The Tasmanian Wilderness World Heritage Area (TWWHA) includes significant and extensive areas of intact vegetation and provides landscape-scale environments that enable interaction between native species without human intervention. A high proportion of flora and fauna are endemic to the TWWHA. Temperate rainforest, eucalypt forest, buttongrass moorland and alpine communities create a unique mosaic and provide refuge for a wide range of rare and threatened species including carnivorous mammals. The TWWHA contains many sites of tangible cultural value for the Aboriginal community, including caves, artefact scatters, quarries and middens. The broader connection that Aboriginal people have to Country is also recognised and plants, animals, marine resources, minerals (ochre and rock sources), tracks, forests, interpretation and presentation, and fire management are all identified as broader Aboriginal values of the TWWHA. The ability for Aboriginal people to be ‘onCountry’ is highly appropriate and important to maintain that connection.

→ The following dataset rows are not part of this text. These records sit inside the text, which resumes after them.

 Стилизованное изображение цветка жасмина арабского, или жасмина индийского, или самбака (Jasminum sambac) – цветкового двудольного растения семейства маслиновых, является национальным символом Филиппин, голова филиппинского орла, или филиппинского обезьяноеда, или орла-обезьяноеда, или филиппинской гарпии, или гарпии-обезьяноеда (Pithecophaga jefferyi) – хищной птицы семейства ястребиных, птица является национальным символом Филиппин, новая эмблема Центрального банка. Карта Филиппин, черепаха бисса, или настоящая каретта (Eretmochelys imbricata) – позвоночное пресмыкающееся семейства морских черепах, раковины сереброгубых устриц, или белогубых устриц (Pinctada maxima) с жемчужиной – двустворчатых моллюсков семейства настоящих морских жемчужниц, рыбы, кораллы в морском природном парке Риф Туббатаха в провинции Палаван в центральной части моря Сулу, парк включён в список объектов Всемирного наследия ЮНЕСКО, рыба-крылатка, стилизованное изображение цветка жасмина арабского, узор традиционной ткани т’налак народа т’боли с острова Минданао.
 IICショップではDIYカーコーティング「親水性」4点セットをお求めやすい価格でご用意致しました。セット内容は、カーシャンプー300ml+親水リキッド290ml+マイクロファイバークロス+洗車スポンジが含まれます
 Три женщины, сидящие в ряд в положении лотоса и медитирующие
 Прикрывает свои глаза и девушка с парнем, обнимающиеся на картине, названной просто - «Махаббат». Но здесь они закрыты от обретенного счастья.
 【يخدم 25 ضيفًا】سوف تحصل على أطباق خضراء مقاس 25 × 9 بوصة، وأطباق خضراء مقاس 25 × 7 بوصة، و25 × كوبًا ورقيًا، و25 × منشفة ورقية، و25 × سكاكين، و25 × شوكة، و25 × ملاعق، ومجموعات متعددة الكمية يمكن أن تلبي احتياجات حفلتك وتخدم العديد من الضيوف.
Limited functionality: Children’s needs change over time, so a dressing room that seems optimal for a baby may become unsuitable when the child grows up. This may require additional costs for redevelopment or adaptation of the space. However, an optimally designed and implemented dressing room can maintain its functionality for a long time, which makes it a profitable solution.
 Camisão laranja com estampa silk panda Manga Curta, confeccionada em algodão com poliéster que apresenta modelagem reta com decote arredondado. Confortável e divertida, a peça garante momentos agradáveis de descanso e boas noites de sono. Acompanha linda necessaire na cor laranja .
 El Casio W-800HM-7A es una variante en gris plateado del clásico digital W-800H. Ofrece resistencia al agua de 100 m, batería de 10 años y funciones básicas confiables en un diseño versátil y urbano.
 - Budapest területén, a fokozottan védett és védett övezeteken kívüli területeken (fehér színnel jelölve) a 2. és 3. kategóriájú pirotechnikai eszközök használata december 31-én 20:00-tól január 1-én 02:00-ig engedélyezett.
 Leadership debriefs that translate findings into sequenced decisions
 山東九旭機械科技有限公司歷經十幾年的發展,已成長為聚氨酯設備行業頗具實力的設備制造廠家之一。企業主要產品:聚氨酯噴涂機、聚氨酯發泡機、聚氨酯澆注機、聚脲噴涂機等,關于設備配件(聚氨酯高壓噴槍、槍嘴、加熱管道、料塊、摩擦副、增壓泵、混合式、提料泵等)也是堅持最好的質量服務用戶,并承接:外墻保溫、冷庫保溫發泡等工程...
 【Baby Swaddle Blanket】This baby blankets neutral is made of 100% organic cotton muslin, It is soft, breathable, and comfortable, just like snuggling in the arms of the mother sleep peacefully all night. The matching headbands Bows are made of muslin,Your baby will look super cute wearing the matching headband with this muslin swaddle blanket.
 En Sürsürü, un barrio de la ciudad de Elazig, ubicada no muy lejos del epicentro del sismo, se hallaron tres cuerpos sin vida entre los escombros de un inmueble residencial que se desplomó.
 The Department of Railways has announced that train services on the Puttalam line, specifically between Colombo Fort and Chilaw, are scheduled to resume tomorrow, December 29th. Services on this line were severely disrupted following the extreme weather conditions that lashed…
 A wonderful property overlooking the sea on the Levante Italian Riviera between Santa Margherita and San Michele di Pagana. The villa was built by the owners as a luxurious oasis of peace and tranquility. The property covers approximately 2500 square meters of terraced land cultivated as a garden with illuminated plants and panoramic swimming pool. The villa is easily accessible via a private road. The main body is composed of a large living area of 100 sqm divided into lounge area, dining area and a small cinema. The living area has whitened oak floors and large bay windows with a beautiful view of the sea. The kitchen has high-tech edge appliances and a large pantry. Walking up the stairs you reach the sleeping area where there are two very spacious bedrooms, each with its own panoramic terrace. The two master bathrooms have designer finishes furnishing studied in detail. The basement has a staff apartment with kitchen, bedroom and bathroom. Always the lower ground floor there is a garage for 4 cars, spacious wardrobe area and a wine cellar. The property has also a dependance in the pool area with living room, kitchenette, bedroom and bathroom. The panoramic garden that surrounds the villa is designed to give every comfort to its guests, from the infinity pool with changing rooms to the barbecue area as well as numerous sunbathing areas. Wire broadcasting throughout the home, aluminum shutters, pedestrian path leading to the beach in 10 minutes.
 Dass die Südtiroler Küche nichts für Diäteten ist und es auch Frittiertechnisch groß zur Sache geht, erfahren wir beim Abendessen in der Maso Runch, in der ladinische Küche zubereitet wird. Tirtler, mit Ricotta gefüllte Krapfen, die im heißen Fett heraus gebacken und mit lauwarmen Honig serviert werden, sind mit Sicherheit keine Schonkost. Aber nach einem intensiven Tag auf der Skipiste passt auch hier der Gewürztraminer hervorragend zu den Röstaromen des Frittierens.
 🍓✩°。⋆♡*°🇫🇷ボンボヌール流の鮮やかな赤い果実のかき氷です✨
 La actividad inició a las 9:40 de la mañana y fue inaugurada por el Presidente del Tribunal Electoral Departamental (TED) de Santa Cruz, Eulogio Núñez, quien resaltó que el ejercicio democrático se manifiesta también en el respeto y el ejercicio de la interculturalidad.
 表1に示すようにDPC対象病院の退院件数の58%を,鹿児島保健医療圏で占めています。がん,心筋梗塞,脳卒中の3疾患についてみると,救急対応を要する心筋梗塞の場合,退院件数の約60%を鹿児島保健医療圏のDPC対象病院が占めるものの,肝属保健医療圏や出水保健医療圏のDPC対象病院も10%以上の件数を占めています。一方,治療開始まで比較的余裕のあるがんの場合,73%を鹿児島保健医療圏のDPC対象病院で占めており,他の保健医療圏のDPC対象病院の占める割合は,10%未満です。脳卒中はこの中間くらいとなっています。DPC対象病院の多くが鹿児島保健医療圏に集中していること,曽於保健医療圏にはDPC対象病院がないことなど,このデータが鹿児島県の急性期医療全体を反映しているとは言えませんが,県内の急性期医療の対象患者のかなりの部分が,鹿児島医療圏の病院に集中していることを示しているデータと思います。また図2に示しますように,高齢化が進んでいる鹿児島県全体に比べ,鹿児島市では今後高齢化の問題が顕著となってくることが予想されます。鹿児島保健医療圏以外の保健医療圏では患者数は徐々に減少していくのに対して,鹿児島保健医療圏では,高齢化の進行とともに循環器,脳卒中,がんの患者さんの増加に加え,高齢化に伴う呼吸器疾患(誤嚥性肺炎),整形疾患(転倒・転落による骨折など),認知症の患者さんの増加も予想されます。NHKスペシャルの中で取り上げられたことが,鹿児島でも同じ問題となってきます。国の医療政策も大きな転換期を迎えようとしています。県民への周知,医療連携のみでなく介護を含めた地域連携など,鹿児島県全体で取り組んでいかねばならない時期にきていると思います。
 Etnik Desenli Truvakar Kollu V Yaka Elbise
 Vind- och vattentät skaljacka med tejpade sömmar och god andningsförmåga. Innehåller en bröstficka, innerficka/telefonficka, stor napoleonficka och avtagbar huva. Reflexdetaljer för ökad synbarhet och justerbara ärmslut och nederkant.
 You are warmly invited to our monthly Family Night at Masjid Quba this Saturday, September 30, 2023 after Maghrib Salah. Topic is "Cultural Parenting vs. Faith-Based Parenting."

As the TWWHA is almost entirely located on public reserves, management of Outstanding Universal Values is primarily the responsibility of the State Government through the Parks and Wildlife Service in partnership with the Australian Government. CCA acknowledges the number of different land tenures within the TWWHA and the existing separate investment from both the Australian and Tasmanian Governments in its management, protection and also presentation in the form of recreation and tourist uses. The existing TWWHA Management Plan (DPIPWE 2016) provides extensive insight into the values and future of the property and prioritises actions and investment.

Threats and challenges

Fire is the greatest threat and is both a challenge and a tool for management of the TWWHA’s cultural and natural values. Management of fire-sensitive (including organic soils associated with buttongrass moorlands) and fire-adapted communities is complex and they often occur adjacent to each other in the TWWHA. The complexity of the threat is exacerbated by climate change, with the current trends of increased fire frequency and longer fire season duration likely to continue, together with an increase in the flammability of fire-sensitive communities and organosols. The scale of the TWWHA, and its extensive boundary with private and public land managers makes it inherently vulnerable to the dispersal of pests, weeds and disease. There are 70 pest species recorded in the TWWHA with key emerging threats from feral deer, feral cats and livestock present. There are 15 Declared Weeds and a wide range of environmental weeds that remain a priority for research and management, with the greatest threat considered to be to coastal, island, riverine and karst ecosystems. Fauna and flora are vulnerable to the impact of new, emerging and existing pathogens. Potential risks are posed by a new species of Phytophthora root rot, the freshwater algae didymo and chytrid fungus. Ongoing monitoring and the development of response capabilities are needed for the proper management of established pathogens.